Наконец, выскочив из каюты, я побежал на камбуз, ища глазами Жака. Матросы обедали, рассевшись на палубе. Жак сидел на корточках у стены камбуза и ел в одиночестве из большой пиалы. Мне не терпелось поделиться с ним всем увиденным и услышанным за последние полтора часа.
Он сказал, широко улыбаясь:
– Говори очень тихо и очень весело. Здесь любят, когда люди веселы.
И мы стали беседовать «очень тихо и весело», так что со стороны, наверное, казалось, что мы говорим о смешных пустяках.
– Так долго находиться там нельзя,- сказал Жак и очень естественно засмеялся.
Я стал ему торопливо рассказывать, тоже пытаясь выглядеть как можно веселее, объясняя, почему задержался у капитана.- Жак, нагнувшись над чашкой, сказал:
– Пятьсот долларов! Не каждый оценивается так высоко. Здесь люди дешевы. И на самом деле, они не стоят дороже. Здесь много дорогих вещей, созданных настоящими людьми. Как мне жалко, что погибнет так много ценностей. Здесь много золота, денег. Какой красивый корабль! Сколько мог принести добра людям. Можно на нем ловить рыбу, изучать океан…
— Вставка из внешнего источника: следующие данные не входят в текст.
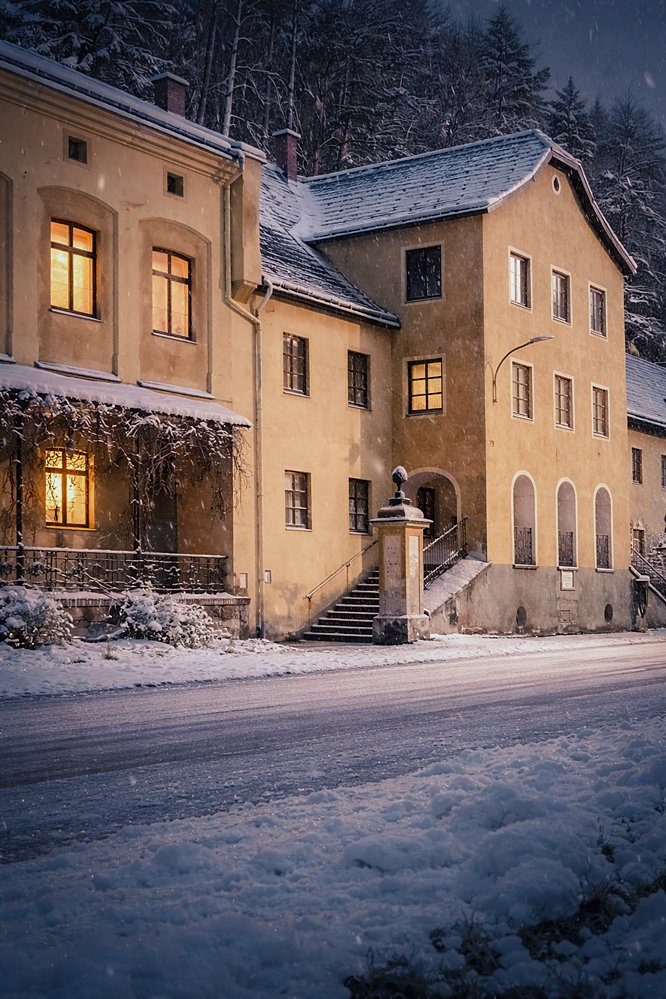Föd 4: 26. Dezember – 2. Weihnachtsfeiertag. "Wir treffen uns mit jemandem", sagt Oma Maria. Wir fahren auf den Sonntagsberg. Die Basilika sieht man schon von weitem. Aber Oma Maria geht nicht auf sie zu. Sie geht an ihr vorbei. Ein zweites Gebäude steht dort: 𝖁𝖊𝖗 𝕾𝖆𝖈𝖗𝖚𝖒. Heiliger Frühling. Es wirkt wie eine Mischung aus Kapelle und Brunnenhaus.
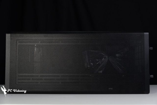 主機板背面側板也是全面積網孔側板,比較直觀的用途就是當電源供應器安裝在側面時,電

Я перебил его и стал рассказывать о коке. Жак согласился, что его следует предупредить, но так, чтобы он не догадался, что мы подложили мину, и в час опасности держаться всем троим вместе.
Я решил не откладывать этого дела и вошел на камбуз. Ван Фу отвел меня к иллюминатору и спросил, косясь на двери:
– Тебе думай, этот Жак хороший люди?
– Очень хороший. Он не пират, не хунхуз.
– Я тоже так подумай. Его боцман обижай и эта облизьянка, шимпанзе. Только я не понимай, почему Жак суда попади? Тебе не знай?
– Нет, не знаю.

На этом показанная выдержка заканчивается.